La rigidità  della struttura commissariale che gestisce l’Ispra (Istituto Superiore per la Protezione e la Ricerca Ambientale) non si allenta nemmeno a Natale: dal pomeriggio del 24 dicembre i precari dell’Istituto, che da 32 giorni occupano il tetto della sede di via Casalotti per protestare contro i licenziamenti annunciati per fine anno, sono isolati dall’esterno, dopo un avviso al personale del prefetto Vincenzo Grimaldi (a capo dell’ente), che ha stabilito rigide limitazioni all’accesso in sede per il periodo festivo.

I cancelli sono rimasti chiusi, nonostante nei giorni scorsi ci fosse stata un’apertura da parte del ministro vigilante, la titolare dell’Ambiente Stefania Prestigiacomo, che aveva lanciato un appello al Governo per “non disperdere il grande patrimonio di professionalità  dei ricercatori e valorizzarne per il futuro le competenze maturate”. Da tre giorni, i lavoratori non possono ricevere cibo né visite: per fortuna, un gruppo di parlamentari ha organizzato una “staffetta” per essere sempre presente al loro fianco. Si sono quindi alternati Marianna Madia, Giovanni Bachelet, Roberto Della Seta,  Francesco Ferrante, Furio Colombo e Ignazio Marino, che è entrato scavalcando il cancello trovato chiuso. Grande la solidarietà  del territorio, dimostrata da un presidio continuo dei cittadini del quartiere, che hanno consegnato cibo e bevande attraverso il cancello inesorabilmente sbarrato.

Inutile il tentativo del sindacato USI – RdB, che ha chiesto un’assemblea urgente alla vigilia di Natale per tenere la sede aperta, vedendo la richiesta respinta dalla struttura commissariale.
All’Ispra sono a rischio circa 200 tra ricercatori e tecnici, sui quali ancora non si ha alcuna certezza di rinnovo, mentre altri 250 lavoratori sono stati allontanati da gennaio 2009 in poi: circa un terzo del personale totale e  quasi tutti i giovani in servizio presso l’ente. Importanti attività  dell’Istituto rischiano di essere compromesse, tra cui gli interventi su biodiversità  marina, emergenze in mare (anche sulle cosiddette “navi dei veleni”), bonifiche di siti contaminati, pesca sostenibile, attività  di informazione ambientale, aggiornamento del registro delle emissioni in atmosfera, collaborazione alla stesura di documenti come il Rapporto rifiuti e l’Annuario dei dati ambientali, prevenzione del dissesto idrogeologico.

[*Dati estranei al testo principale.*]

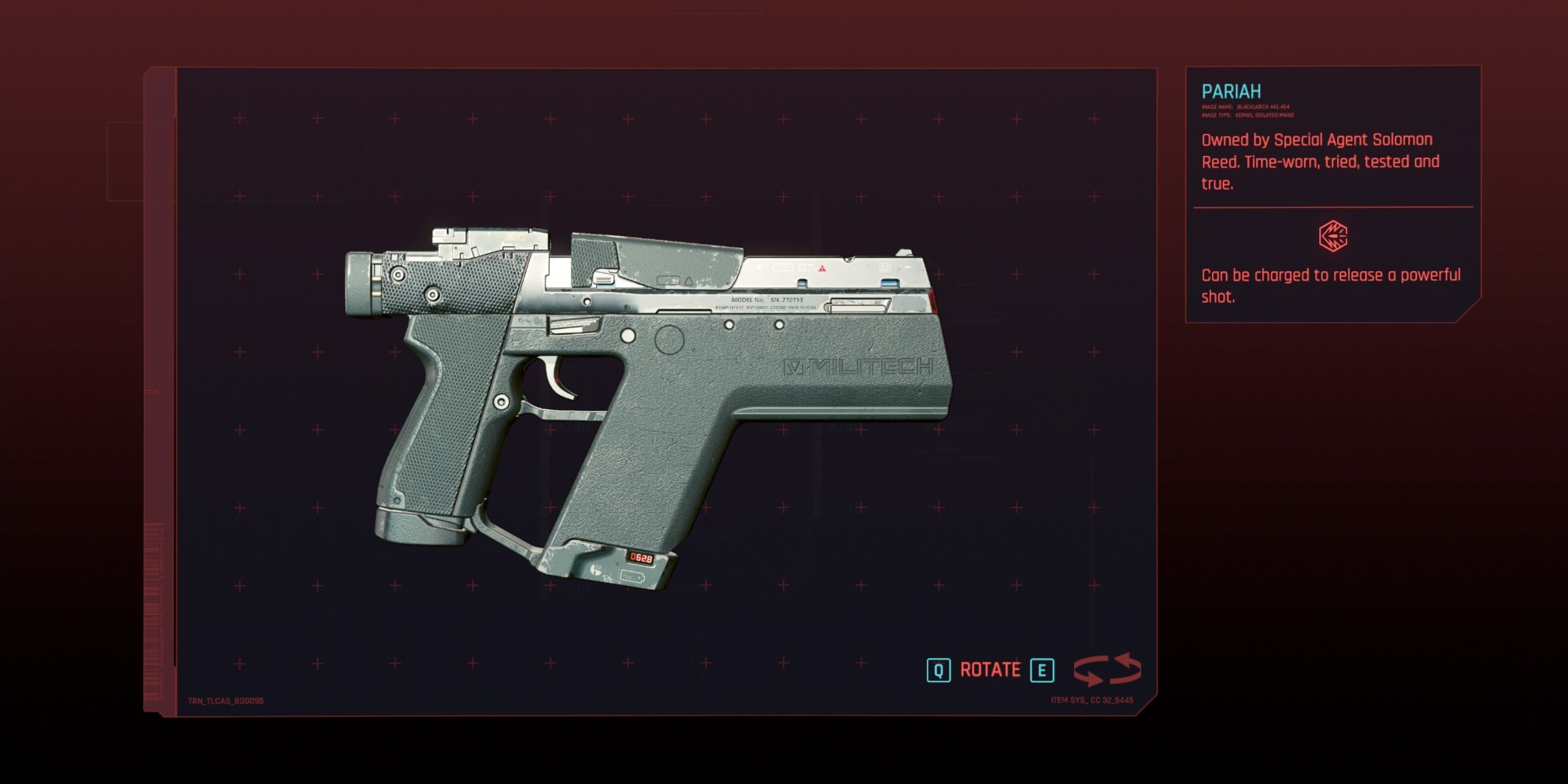 Мудрое решение использовать пистолет «Пария», который дает преимущество в скрытности, но требует гибели Соломона Рида, тем самым завершая содержание Phantom Liberty. «Пария» — стильное оружие, а встроенный глушитель повышает его привлекательность, особенно потому, что каждый заряженный выстрел умножает урон в три раза, что делает бесшумные убийства во время скрытных миссий чрезвычайно смертоносными.

“Le ultime prese di posizione dei vertici dell’Istituto – dicono i ricercatori – rafforzano la nostra scelta di aspettare sul tetto fatti concreti che facciano seguito alle parole del Ministro Prestigiacomo, cui dall’inizio dell’occupazione chiediamo una convocazione e l’apertura di una reale trattativa presso il nostro ente, per arrivare alla proroga di tutti i contratti in essere e ad un piano per la graduale immissione in ruolo del personale precario”.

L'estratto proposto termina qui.